Доктор

Быть доктором почётное, но хлопотное дело. Ты не принадлежишь ни себе, ни семье. По беспокойству, с жизнью доктора может сравниться разве только жизнь полицейских. И тех и других могут выдернуть из постели среди ночи или на рассвете, когда спится особенно сладко. Вот и сейчас, разбуженный среди ночи громким требовательным стуком в дверь, Серафим Никитич сидел в продуваемой промозглым ветром пролётке и кутался в тёплое пальто, по максимуму подняв воротник, чтобы защитить уши и щёки от ударов колючих, сухих снежных крупинок. Рядом с ним сидел родственник больной, которую пользовал доктор и который срочно приехал, так как ей стало намного хуже.

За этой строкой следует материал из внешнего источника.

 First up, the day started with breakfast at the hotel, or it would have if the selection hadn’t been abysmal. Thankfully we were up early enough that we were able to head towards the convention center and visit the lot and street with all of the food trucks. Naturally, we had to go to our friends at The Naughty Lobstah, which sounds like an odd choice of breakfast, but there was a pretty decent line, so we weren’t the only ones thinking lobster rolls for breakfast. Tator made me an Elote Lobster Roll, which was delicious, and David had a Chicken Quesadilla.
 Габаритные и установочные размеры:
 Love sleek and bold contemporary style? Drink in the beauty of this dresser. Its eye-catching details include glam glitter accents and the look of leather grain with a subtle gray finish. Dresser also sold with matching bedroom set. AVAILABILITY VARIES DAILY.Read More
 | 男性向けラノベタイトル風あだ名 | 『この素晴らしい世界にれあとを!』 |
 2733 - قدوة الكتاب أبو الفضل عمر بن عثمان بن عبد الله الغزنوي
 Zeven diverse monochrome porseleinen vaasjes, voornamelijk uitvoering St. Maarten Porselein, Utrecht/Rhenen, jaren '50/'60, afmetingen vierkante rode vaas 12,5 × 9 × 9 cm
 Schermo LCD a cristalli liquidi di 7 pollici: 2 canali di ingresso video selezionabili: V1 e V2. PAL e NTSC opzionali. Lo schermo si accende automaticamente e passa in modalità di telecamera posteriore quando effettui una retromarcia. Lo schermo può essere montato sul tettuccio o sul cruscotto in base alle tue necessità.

Серафим Никитич, с охолодевшим вдруг сердцем, ощупал кожаный саквояж, схваченный им впопыхах в прихожей и выдохнул облегчённо – думал, что забыл. У него была одна верная примета, если он забывал дома саквояж, значит никакие лекарства больному не понадобятся, он либо просто с испугу доктора пригласил, либо уже всё. Примета никогда его не подводила. Значит, больной не так-то плох. Он растёр замёрзшие руки, сунул их греться под мышки и погрузился в полудрёму, не замечая, как пролётку трясёт на кочках. Мысленно он добавил в список к докторам и полицейским ещё и кучеров.

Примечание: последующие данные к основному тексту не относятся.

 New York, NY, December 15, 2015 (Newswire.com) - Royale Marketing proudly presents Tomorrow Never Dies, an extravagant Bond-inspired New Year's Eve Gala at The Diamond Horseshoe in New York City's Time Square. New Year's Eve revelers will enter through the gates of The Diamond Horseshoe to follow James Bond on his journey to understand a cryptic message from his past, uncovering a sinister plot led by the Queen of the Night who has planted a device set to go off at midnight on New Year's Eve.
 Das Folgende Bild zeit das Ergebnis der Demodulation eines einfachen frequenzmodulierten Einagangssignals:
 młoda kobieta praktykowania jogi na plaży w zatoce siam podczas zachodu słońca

Он проснулся тотчас, как кони остановились у особняка, его спутник подал руку в кожаной перчатке и помог спуститься, затем по знакомой уже доктору мощёной дорожке они пошли к дому.

Серафим Никитич приезжал сюда довольно часто. Его пациенткой была жена хозяина дома, ещё не старая женщина, чахлая, бедная и ипохондричная Елизавета Павловна. Уже два года бился доктор, выписывая ей новомодные лекарства и проверенные средства, но без толка.

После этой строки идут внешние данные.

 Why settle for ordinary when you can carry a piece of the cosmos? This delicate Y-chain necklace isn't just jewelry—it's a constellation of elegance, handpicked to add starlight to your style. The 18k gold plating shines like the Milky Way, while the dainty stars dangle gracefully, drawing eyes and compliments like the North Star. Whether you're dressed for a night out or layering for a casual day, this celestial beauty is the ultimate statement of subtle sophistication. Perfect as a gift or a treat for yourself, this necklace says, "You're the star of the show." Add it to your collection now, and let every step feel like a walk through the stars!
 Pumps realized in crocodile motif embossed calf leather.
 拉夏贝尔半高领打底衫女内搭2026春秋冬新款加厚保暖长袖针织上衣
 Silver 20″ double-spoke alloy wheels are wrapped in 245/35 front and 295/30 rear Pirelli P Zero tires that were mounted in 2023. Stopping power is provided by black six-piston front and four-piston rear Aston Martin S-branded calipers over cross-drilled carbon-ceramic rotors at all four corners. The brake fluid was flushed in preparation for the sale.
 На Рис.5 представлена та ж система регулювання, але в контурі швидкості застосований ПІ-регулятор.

Он отдал пальто заспанному слуге и поднялся на второй этаж, в сопровождении родственника.

Его слух неприятно резануло слово «усопшая», раздавшееся откуда-то из угла. Доктор быстро взглянул на говорившего. Это был незнакомый ему низкий старик в шерстяном коричневом сюртуке и пёстром шейном платке, с крупной головой и львиными чертами лица. Глаза его блестели из-под мохнатых бровей. Отчего-то Серафиму Никитичу этот образ сразу запечатлелся в душе, вероятно из-за внезапности появления.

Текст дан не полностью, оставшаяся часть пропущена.